Abraham Lincoln had a Cabinet Of All Talents, if I recall correctly. Some consider this to be part of what made him great.
One person who won’t be a part of Labour’s team is former Minister (and then Shadow Minister) for the Disabled, Anne McGuire. who quit last week after five years in the job.
The Stirling MP was praised by disability campaigners such as Sue Marsh who, in an email, described her as “the one true ally we had on Labour’s front bench”.
And blogger Sue Jones wrote: “Anne will always be remembered by our community for her very articulate attacks on the media’s [mis]representation of disabled people and on the Government’s welfare reforms, in parliamentary debate. I remember her account of private debate, too, on the same topic with Iain Duncan Smith, and such was her ferocity and anger at the profound unfairness of the media’s sustained persecution of sick and disabled people, fanned by Iain Duncan Smith, as we know, that she pinned him against a wall on one occasion.”
But the former Shadow Minister, who is herself disabled, ran into controversy when she agreed to host a fringe meeting at this year’s Labour Party Conference, organised by the right-wing thinktank Reform, and sponsored by the Association of British Insurers.
Entitled ‘New thinking on the welfare state’, the event seems to have been a front for insurance companies to try to influence Labour’s thinking on social security in the future.
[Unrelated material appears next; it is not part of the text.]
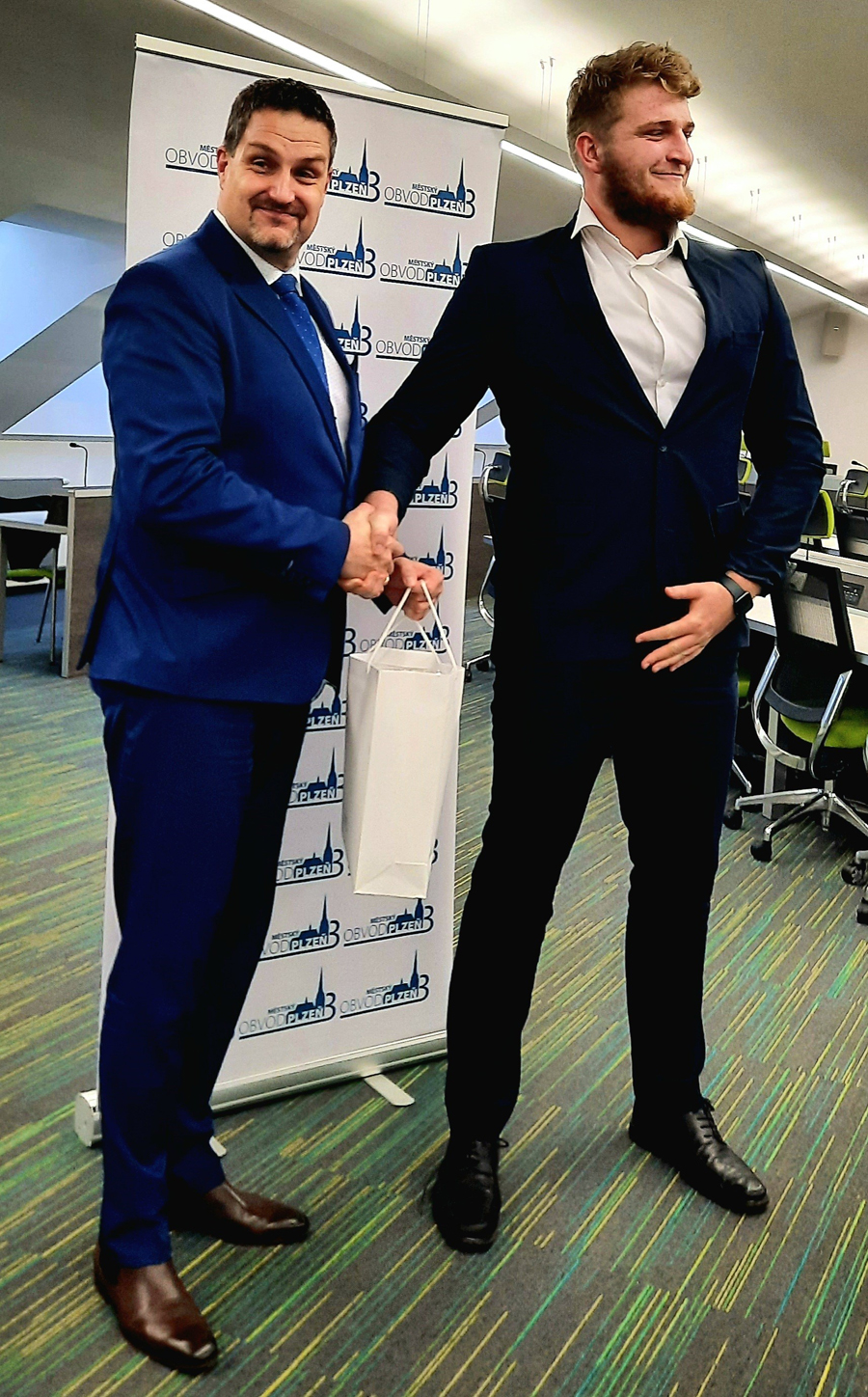 Na závěr příjemného setkání předalo vedení MO Plzeň 3 zástupcům klubu a atletům dárky jako poděkování za jejich výkony a skvělou reprezentaci nejen našeho obvodu, ale celého města. A samozřejmě nemohla chybět ani společná fotografie. „Musím se přiznat, že ačkoliv se jinak nejraději fotím s děvčaty, tentokrát jsem neodolal a musel si pořídit fotku s mým jmenovcem koulařem Tomášem Procházkou. Často se totiž nestává, že bych potkal někoho vyššího, než jsem já,“ dodává s úsměvem starosta David Procházka.

Similar events were arranged by Reform and staged at both the Liberal Democrat and Conservative conferences.
Discussions at the private, round-table policy seminar seem to have centred on ways in which insurance companies could become more involved with social security – what products they could sell to working-class people who fear the loss of income that follows loss of employment.
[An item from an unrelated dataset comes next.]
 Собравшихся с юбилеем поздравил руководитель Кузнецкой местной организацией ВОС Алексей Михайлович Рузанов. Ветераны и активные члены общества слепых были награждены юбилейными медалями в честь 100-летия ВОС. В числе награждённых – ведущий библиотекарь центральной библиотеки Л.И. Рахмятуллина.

This is exactly the scenario that the American Unum corporation wanted to create when it was invited into the then-Department of Social Security by Peter Lilley – a weakened state system that either cannot or will not support people in genuine need, particularly the sick and disabled, forcing them to buy insurance policies in the hope that these will top-up their income.
Anne McGuire denied this was the intent of the exercise but it is significant that neoliberal New Labour did nothing to prevent the advance of this agenda during its years in power, including the period she spent as Minister for the Disabled.
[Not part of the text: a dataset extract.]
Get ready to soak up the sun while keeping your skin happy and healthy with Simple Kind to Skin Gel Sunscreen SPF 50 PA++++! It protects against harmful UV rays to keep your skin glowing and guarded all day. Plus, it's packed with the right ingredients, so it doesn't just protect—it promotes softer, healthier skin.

People who have suffered under the current benefit regime are demanding – ever more stridently – that Labour should mount a strong attack on the practices of the Department for Work and Pensions, as run by Iain Duncan Smith and his cronies, Mark Hoban and Esther McVey.
Part of this demand is that private organisations such as Unum and Atos, which administers work capability assessments, should be kicked out, and a new, fairer system of determining disability benefits based on a claimant’s medical condition and needs, rather than the greed of private enterprise, should be brought in.
There has been no hope of this with plastic Tory Liam Byrne as Shadow Work and Pensions spokesman, but rumour has it he could be shunted out and replaced by Rachel Reeves. Is this a good move?
The omens are not wonderful. She is yet another alumnus of the Politics, Philosophy and Economics course at Oxford (another notable example of that course’s graduates is David Cameron). Her background is in business. She once interviewed for a job with tax avoiders Goldman Sachs (but turned down the job offer) and has been named by The Guardian as one of several MPs who use unpaid interns.